This work addresses key challenges in interactive multi-object 3D Gaussian splatting—namely, inaccurate object segmentation, inter-material deformation artifacts, and rendering anomalies (e.g., interpenetration and floating). We propose the first physics-aware, multi-material 3D Gaussian simulation framework tailored for interaction. Methodologically: (i) we introduce a pixel-to-Gaussian fast mapping mechanism to achieve precise 3D object segmentation; (ii) we jointly model multi-material physical properties as a differentiable dynamical system; and (iii) we pioneer embedding physical constraints directly into the Gaussian deformation gradient, explicitly regularizing scaling and rotation to ensure geometric fidelity and visual consistency. Evaluated on interactive scene reconstruction, our method significantly outperforms state-of-the-art approaches, effectively suppressing rendering artifacts while improving geometric accuracy and visual realism. This advances a new paradigm for physically grounded, dynamic 3D scene generation.

3D Gaussian Splatting has achieved remarkable success in reconstructing both static and dynamic 3D scenes. However, in a scene represented by 3D Gaussian primitives, interactions between objects suffer from inaccurate 3D segmentation, imprecise deformation among different materials, and severe rendering artifacts. To address these challenges, we introduce PIG: Physically-Based Multi-Material Interaction with 3D Gaussians, a novel approach that combines 3D object segmentation with the simulation of interacting objects in high precision.
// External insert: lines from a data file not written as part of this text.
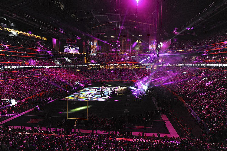 Halftime show during Madonna's performance of "Music"
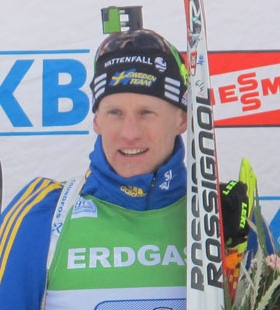 Carl Johan Bergman on Biathlon World Cup mixed team podium in 2010, Pokljuka
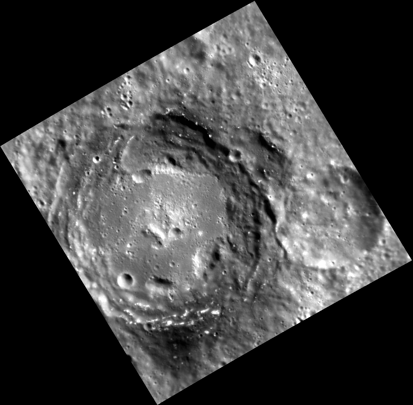 Date acquired: December 01, 2011 Image Mission Elapsed Time (MET): 231267850 Image ID: 1082997 Instrument: Narrow Angle Camera (NAC) of the Mercury Dual Imaging System (MDIS) Center Latitude: -45.06° Center Longitude: 135.3° E Resolution: 102 meters/pixel Scale: Sher-Gil crater is about 76 km (47 mi.) in diameter Incidence Angle: 59.6° Emission Angle: 15.9° Phase Angle: 65.0° Of Interest: Impact craters serve as probes into a planet's subsurface, excavating and exposing material from depth that would be otherwise unobservable. Thus the study of impact crater deposits can help to elucidate the geological history of the target region. In this image, the crater Sher-Gil has exposed low-reflectance material, particularly in its eastern wall and at two concentrated points on the north and south rim. Younger, bright features called hollows dot the dark parts of the crater. This image was acquired as part of MDIS's high-resolution stereo base map. The stereo base map is used in combination with the surface morphology base map to create high-resolution stereo views of Mercury's surface, with an average resolution of 250 meters/pixel (0.16 miles/pixel or 820 feet/pixel) or better. During MESSENGER's one-year mission, the surface morphology base map is acquired during the first 176 days, and the second 176 days are used to acquire the complementary stereo base map, which includes the image here.
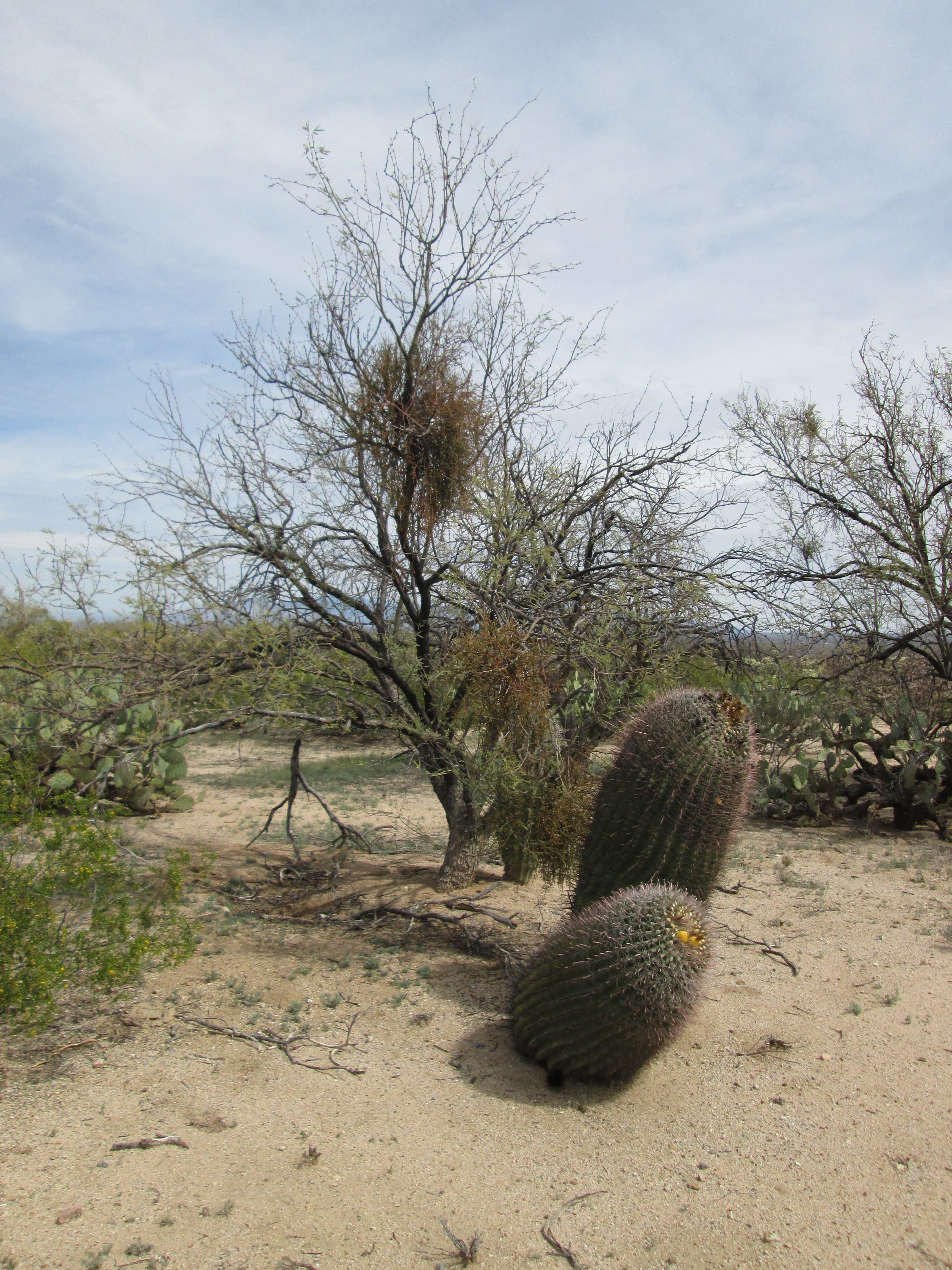 A mesquite tree with desert mistletoe next to two large fishhook barrels. The mesquite tree is also mothering a small saguaro, which is behind the barrel cactus. Sahuarita, Arizona March 4, 2014
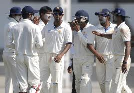 aa
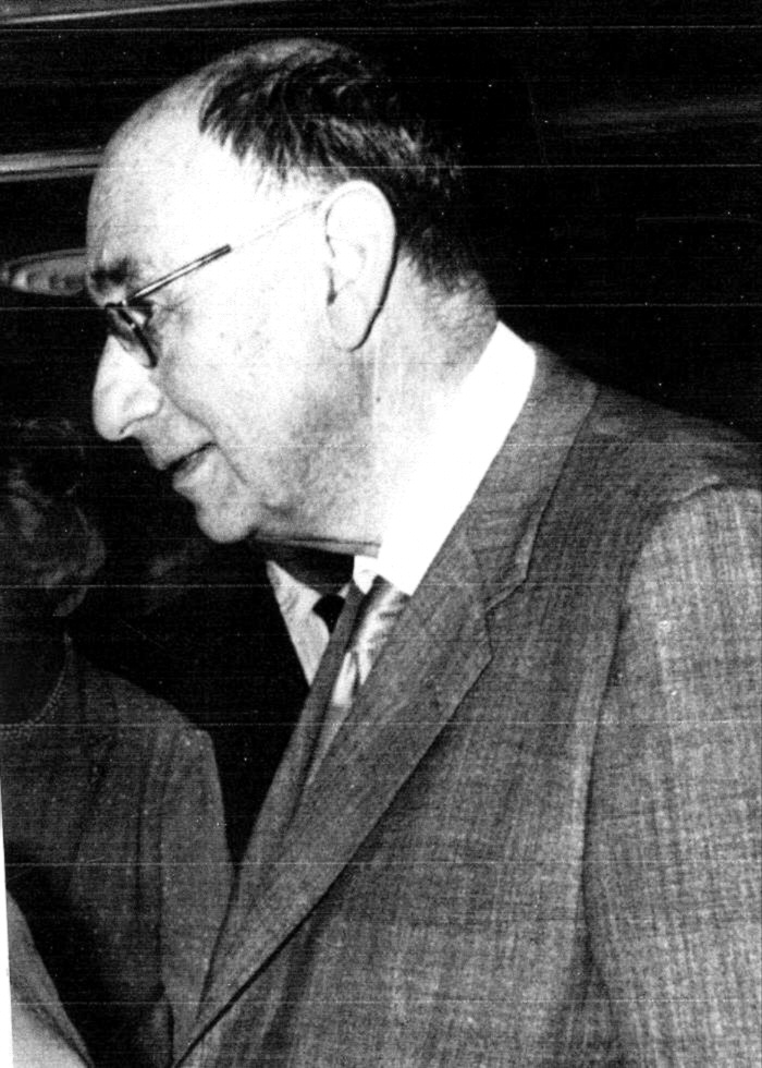 Hans Liebeschuetz.jpg portrati
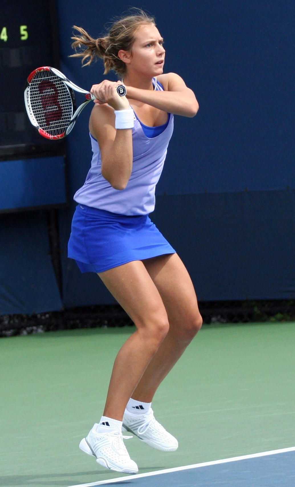 U.S. Open Monday, Aug. 31, 2009
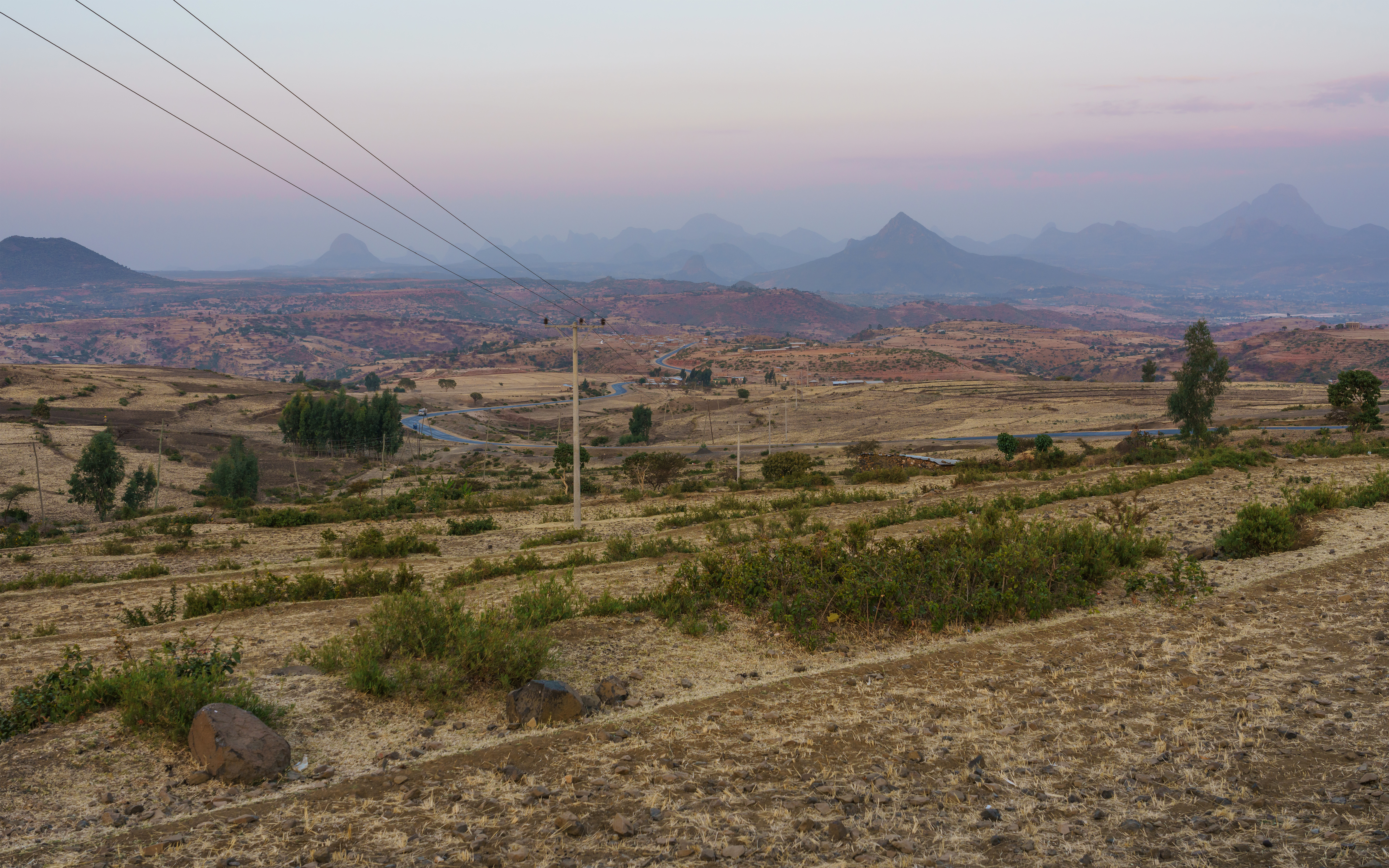 Site of the Battle of Adwa in Tigray Region, Ethiopia
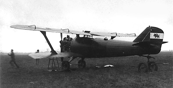 A Breguet 19 is preparing to take off. A small serial number (292) is painted on the fuselage and the Persian lion and sun emblem and national colours are on the rudder.
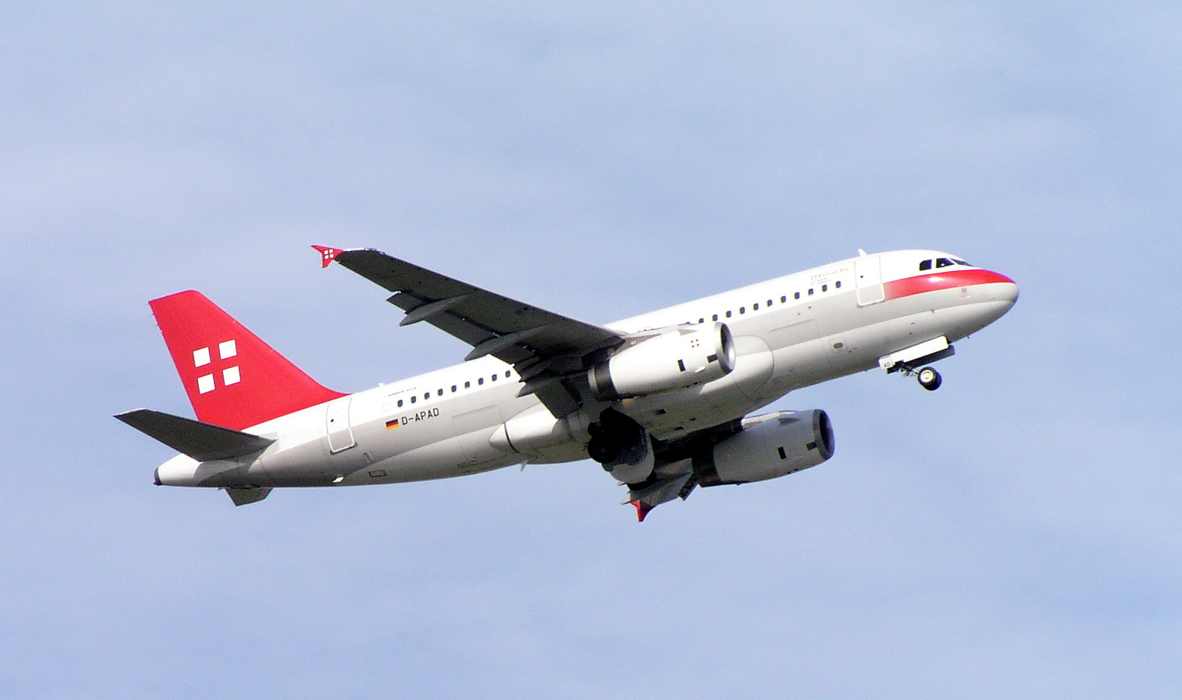 Privatair Airbus A319-100LR D-APAD Description: A Privatair Airbus A319-100LR departing at Düsseldorf Airport, 2004-09-08. Source: Selbst fotografiert Photographer: Arcturus Licence: GFDL-self + cc-by-sa-2.0-de
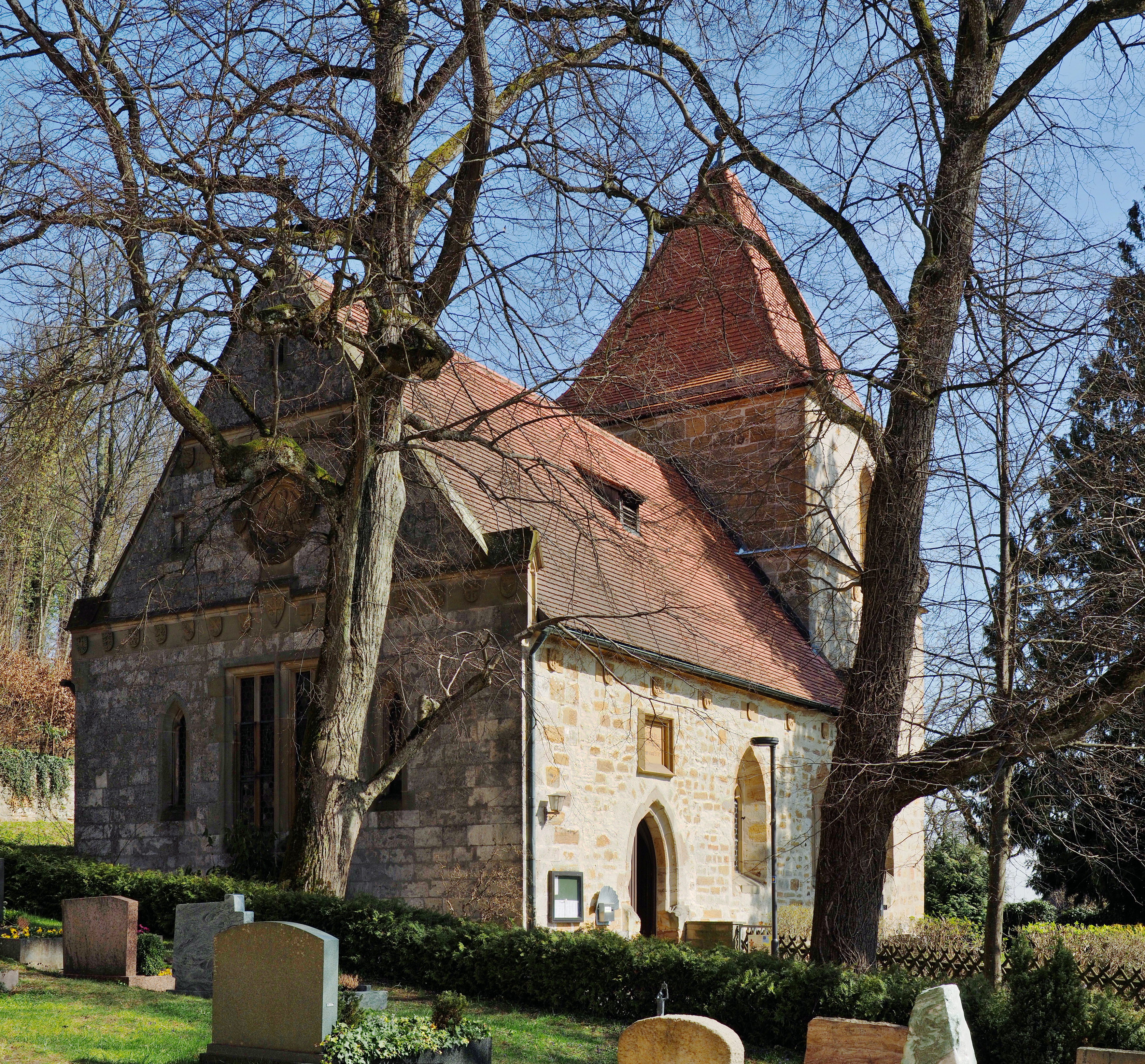 Barbarossa church, Hohenstaufen, Germany

Firstly, our method facilitates fast and accurate mapping from 2D pixels to 3D Gaussians, enabling precise 3D object-level segmentation. Secondly, we assign unique physical properties to correspondingly segmented objects within the scene for multi-material coupled interactions. Finally, we have successfully embedded constraint scales into deformation gradients, specifically clamping the scaling and rotation properties of the Gaussian primitives to eliminate artifacts and achieve geometric fidelity and visual consistency. Experimental results demonstrate that our method not only outperforms the state-of-the-art (SOTA) in terms of visual quality, but also opens up new directions and pipelines for the field of physically realistic scene generation.